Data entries
────────────────────────────────────────

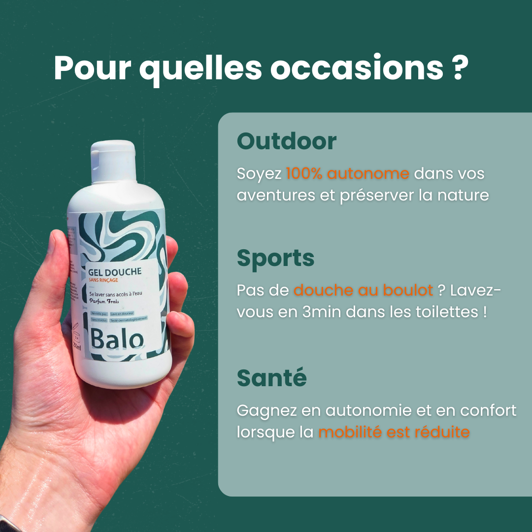 Avec Balo, tu te laves sans eau, sans douche, et sans polluer.
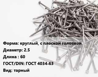 Гвоздь круглый, с плоской головкой 2.5х60 ГОСТ: ГОСТ 4034-63 тарный
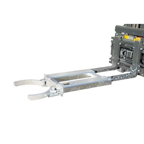 Greifer für Fässer: zum Transportieren von Fässern auf Rollen und mit Rillen mittels Hubwagen. Beim Absetzen des Fasses öffnet sich der Greifer automatisch. Gegen versehentliches Abrutschen gesichert.
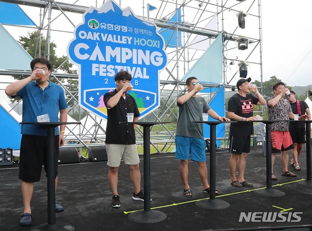 【서울=뉴시스】지난 28일 오후 강원 원주시에서 열린 오크밸리 캠핑 페스티벌 에딩거 맥주 빨리 마시기 대회 참여자들이 맥주를 마시고 있다. 2018.07.29.(사진=비어케이 제공)
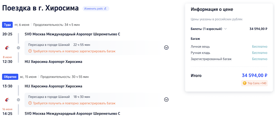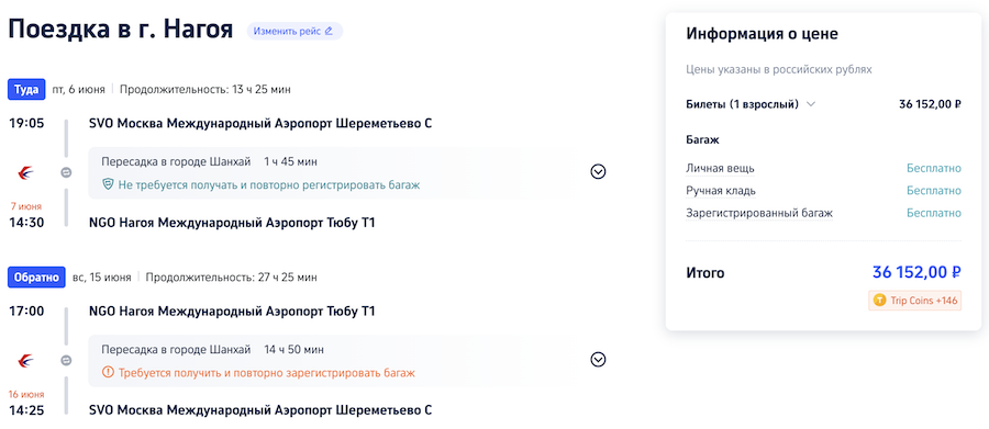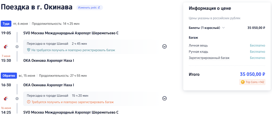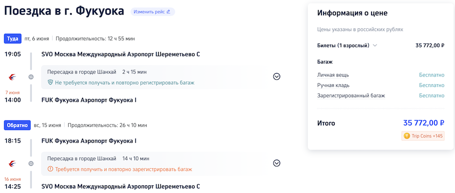 Рейсы выполняются авиакомпанией China Eastern с пересадкой в Шанхае.
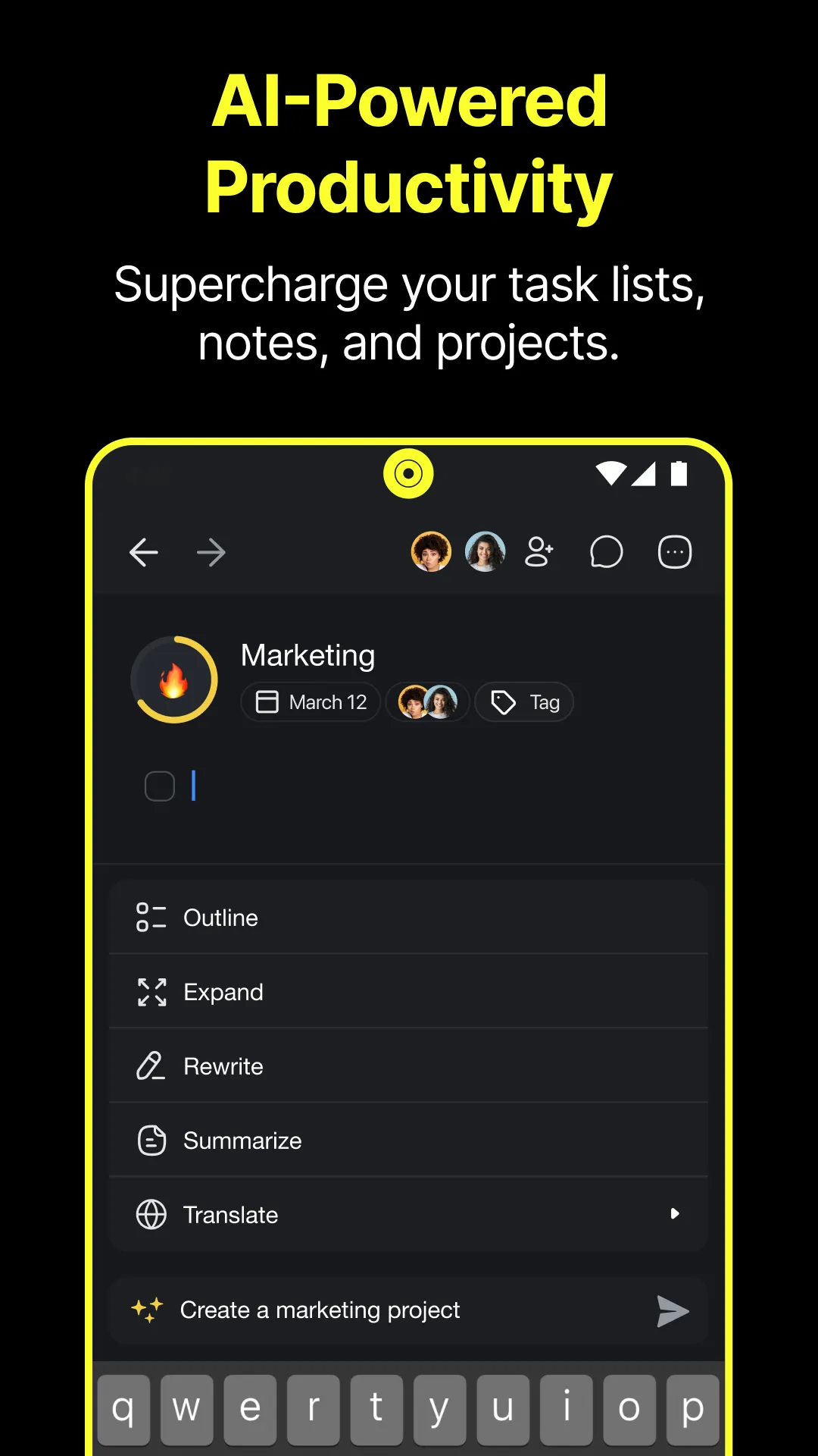 Turn ideas into action with Taskade AI. Generate workflows, automate tasks, and mind map ideas. Chat with AI and get work done in a unified workspace, your second brain. Introducing Taskade AI - your all-in-one AI chat and workflow assistant that supercharges your productivity! With just a few taps, get instant answers to complex questions, generate notes and outlines, organize your tasks and projects, and summarize long-form content. Best of all, it's completely free! To start a new project, head to the Taskade AI Project Studio to craft complete project workflows from scratch effortlessly. Navigate to your workspace or folder, tap the New project button and select AI Project Studio, define the project you want to generate, and let the magic happen. ...

────────────────────────────────────────

**WHAT IS EXPECTED**
Copy the lines exactly as they appear from the opening of the entries above through the line with "Рейсы выполняются авиакомпанией", excluding all pictures.

**SOLVED PROBLEM**
 Avec Balo, tu te laves sans eau, sans douche, et sans polluer.
 Гвоздь круглый, с плоской головкой 2.5х60 ГОСТ: ГОСТ 4034-63 тарный
 Greifer für Fässer: zum Transportieren von Fässern auf Rollen und mit Rillen mittels Hubwagen. Beim Absetzen des Fasses öffnet sich der Greifer automatisch. Gegen versehentliches Abrutschen gesichert.
 【서울=뉴시스】지난 28일 오후 강원 원주시에서 열린 오크밸리 캠핑 페스티벌 에딩거 맥주 빨리 마시기 대회 참여자들이 맥주를 마시고 있다. 2018.07.29.(사진=비어케이 제공)
 Рейсы выполняются авиакомпанией China Eastern с пересадкой в Шанхае.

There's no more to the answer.